= Prompt =
Pictures are not part of the answer. Return the lines from the one containing "Add and select" through the end of the data, both included, exactly as they appear.

= Information supplied =
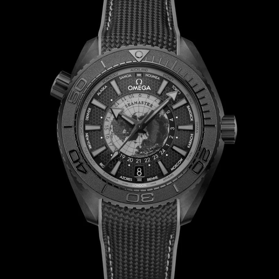 La partie extérieure du cadran est de couleur noir DLC avec un motif en nid d’abeille poli et gravé au laser. Elle comprend des index satinés au diamant et revêtus de Super-LumiNova gris, ainsi qu’un anneau extérieur en vernis gris. Diverses destinations mondiales entourent le cadran et son anneau extérieur, notamment la ville de Bienne, siège d’OMEGA, tandis que les aiguilles revêtues de PVD gris sont également revêtues de Super-LumiNova gris.
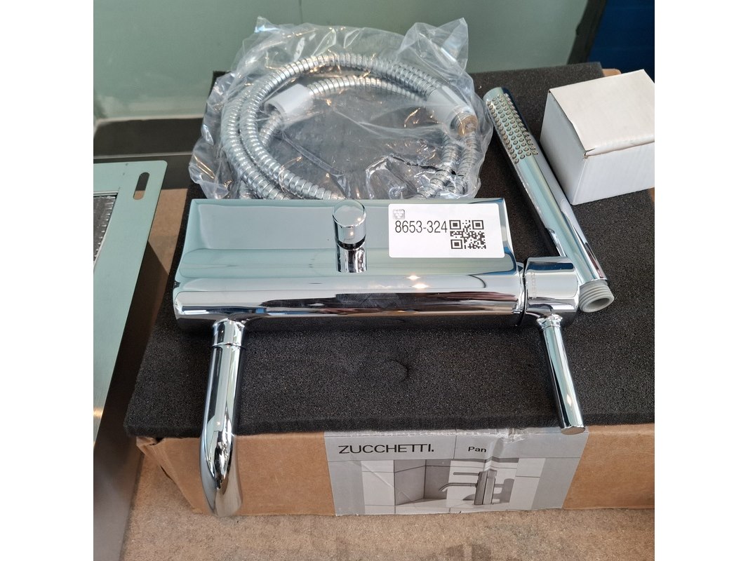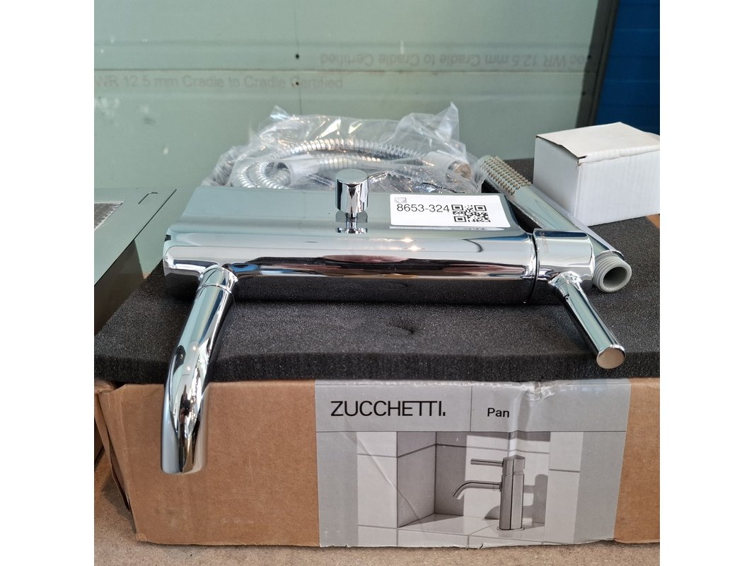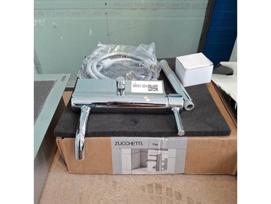 Merk: Zucchetti Product: Badkraan Kleur: chroom Afmeting: HOH=150mm Specificaties: incl. handdoucheset
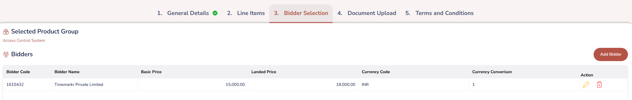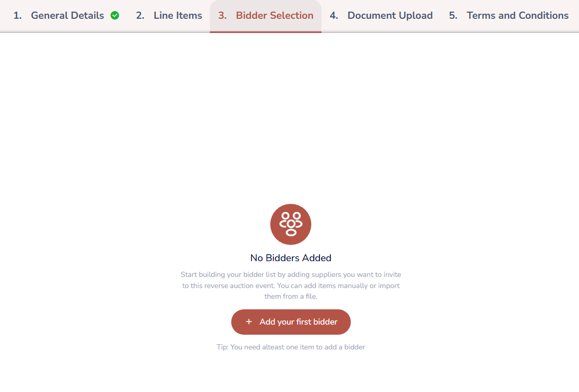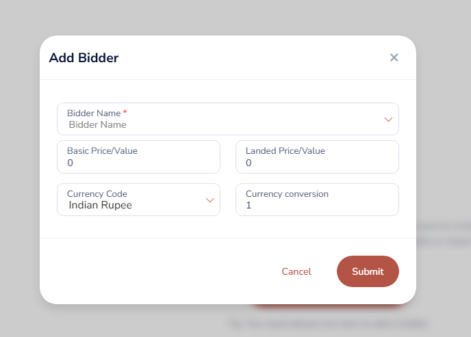 Add and select the appropriate Bidder from the available options.
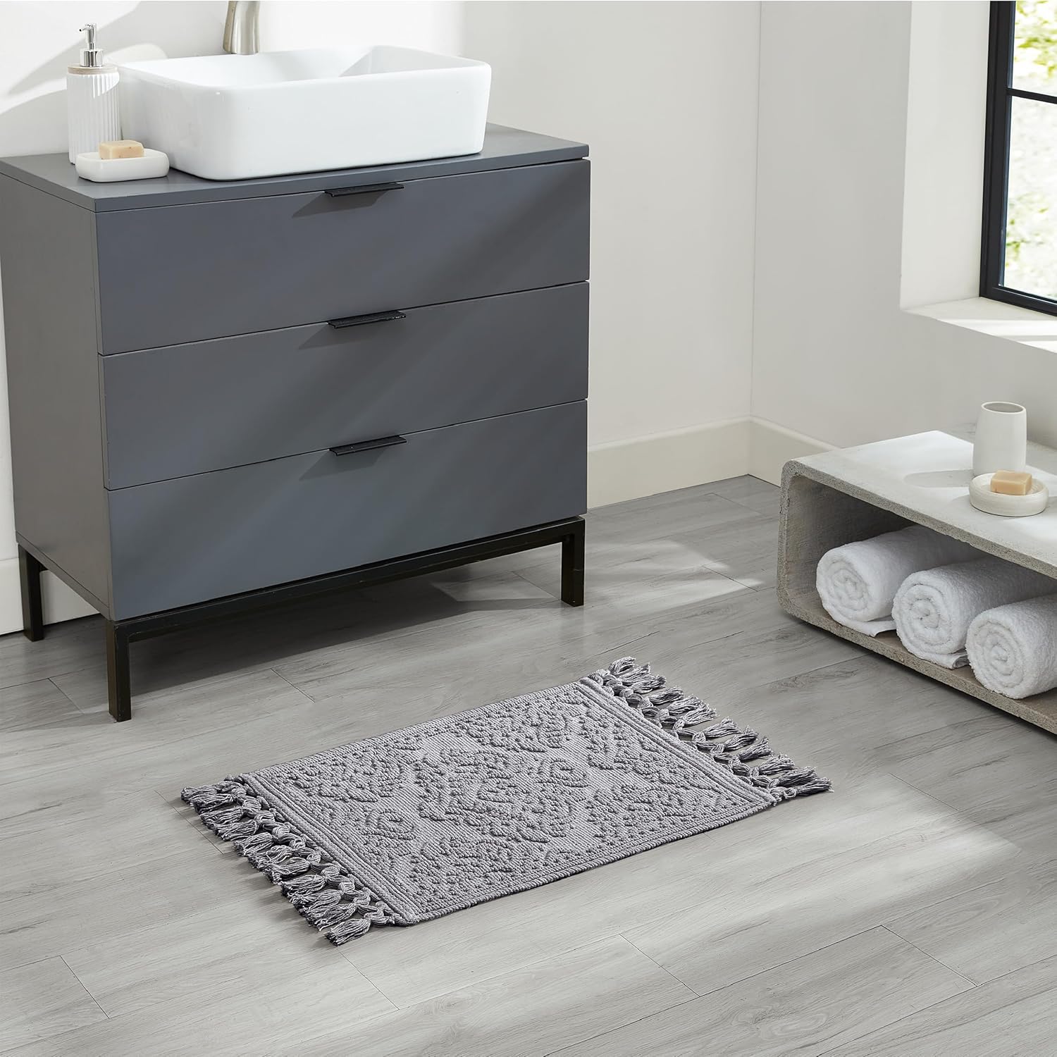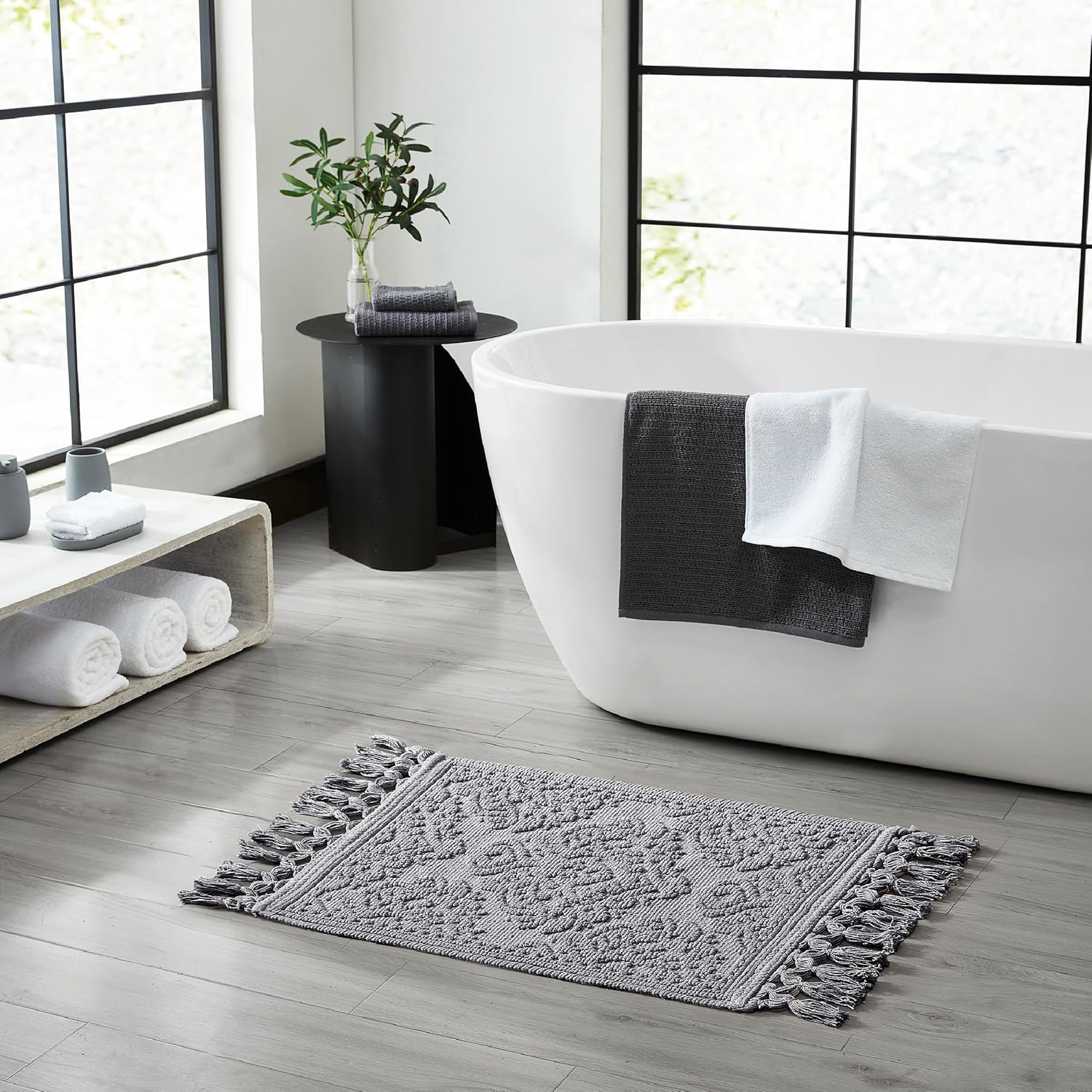Jean Pierre – Ricardo Bath Mat, Woven Fringe Bathroom Rugs, 100% Cotton, Premium Bathroom Decor – Measures 17″ x 31″ – Dark Gray

= Output below =
 Add and select the appropriate Bidder from the available options.
Jean Pierre – Ricardo Bath Mat, Woven Fringe Bathroom Rugs, 100% Cotton, Premium Bathroom Decor – Measures 17″ x 31″ – Dark Gray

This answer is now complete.